ASSIGNED TASK:
Make an exact copy of the records, omitting all images.

(Dataset entries)
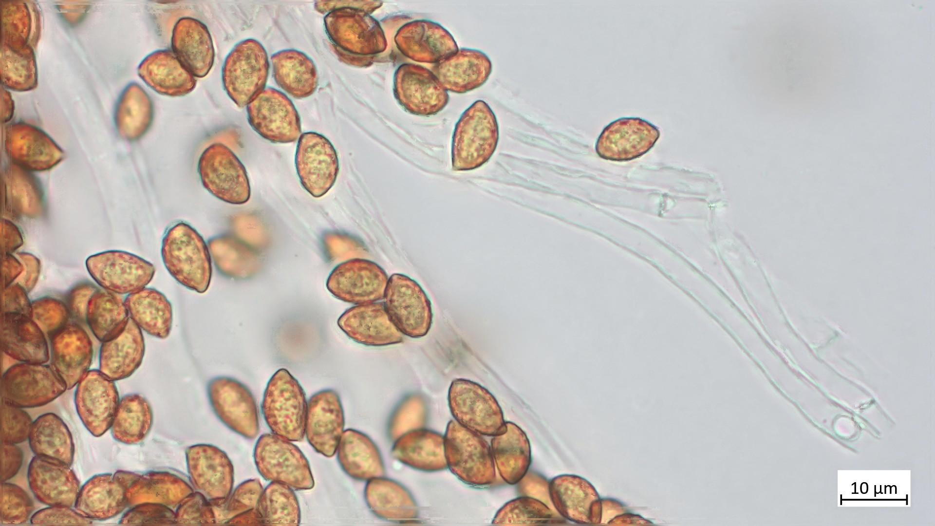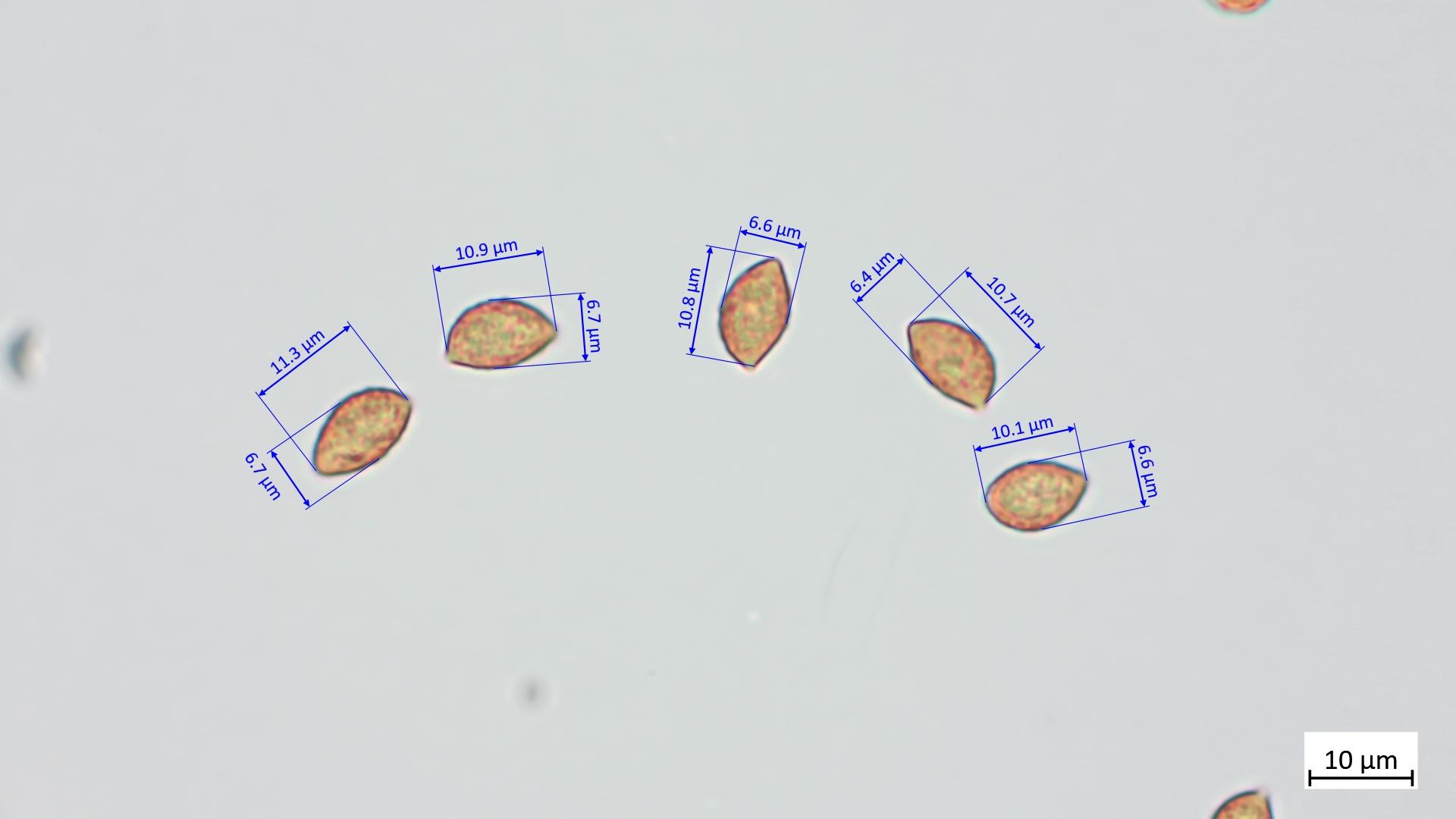 Ich habe 30 Sporen gemessen: 10.5 µm (9.8 - 11.7 µm) x 6.5 (6.0 - 7.1 µm), Q = 1.62 (1.50 - 1.75):
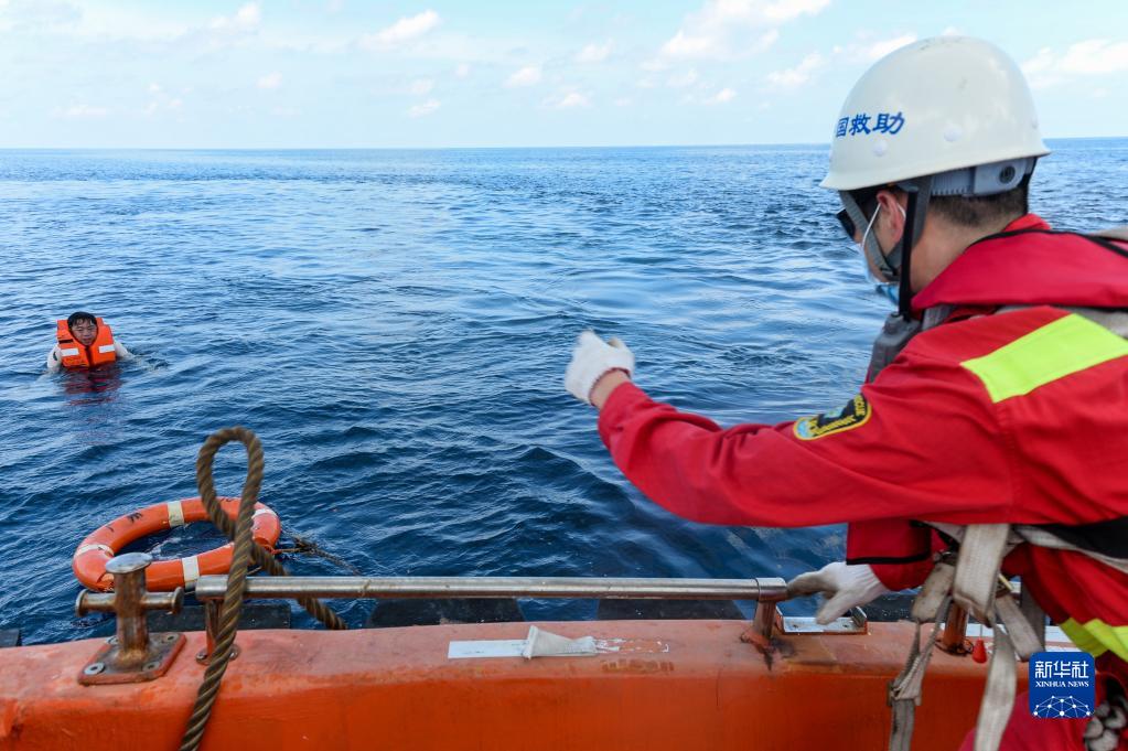 10月1日,“南海救115”轮船员在西沙海域进行模拟演练。
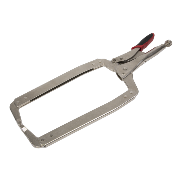 Heat treated Chrome Molybdenum and Chrome Vanadium steel construction with a nickel plated smooth satin finish. Suitable for clamping material whilst marking, welding, brazing, gluing or soldering. Extra-long jaw profile allows for clearance of obstacles in hard-to-reach areas. Features one hand no-pinch quick release grip which provides comfort and control, reduces hand fatigue and are much easier to use than traditional style locking pliers. Heavily knurled adjustment screw for extra grip with greasy fingers.
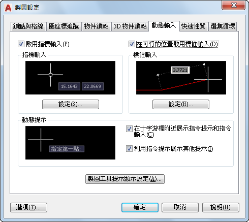 控制指標輸入、標註輸入和動態提示,以及製圖工具提示的外觀。
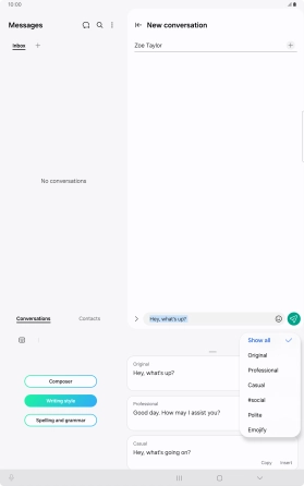 Using AI, you can change the style of writing in your messages. The function works with all of Samsung's own apps as well as message and social media apps.

EXERCISE OUTPUT:
 Ich habe 30 Sporen gemessen: 10.5 µm (9.8 - 11.7 µm) x 6.5 (6.0 - 7.1 µm), Q = 1.62 (1.50 - 1.75):
 10月1日,“南海救115”轮船员在西沙海域进行模拟演练。
 Heat treated Chrome Molybdenum and Chrome Vanadium steel construction with a nickel plated smooth satin finish. Suitable for clamping material whilst marking, welding, brazing, gluing or soldering. Extra-long jaw profile allows for clearance of obstacles in hard-to-reach areas. Features one hand no-pinch quick release grip which provides comfort and control, reduces hand fatigue and are much easier to use than traditional style locking pliers. Heavily knurled adjustment screw for extra grip with greasy fingers.
 控制指標輸入、標註輸入和動態提示,以及製圖工具提示的外觀。
 Using AI, you can change the style of writing in your messages. The function works with all of Samsung's own apps as well as message and social media apps.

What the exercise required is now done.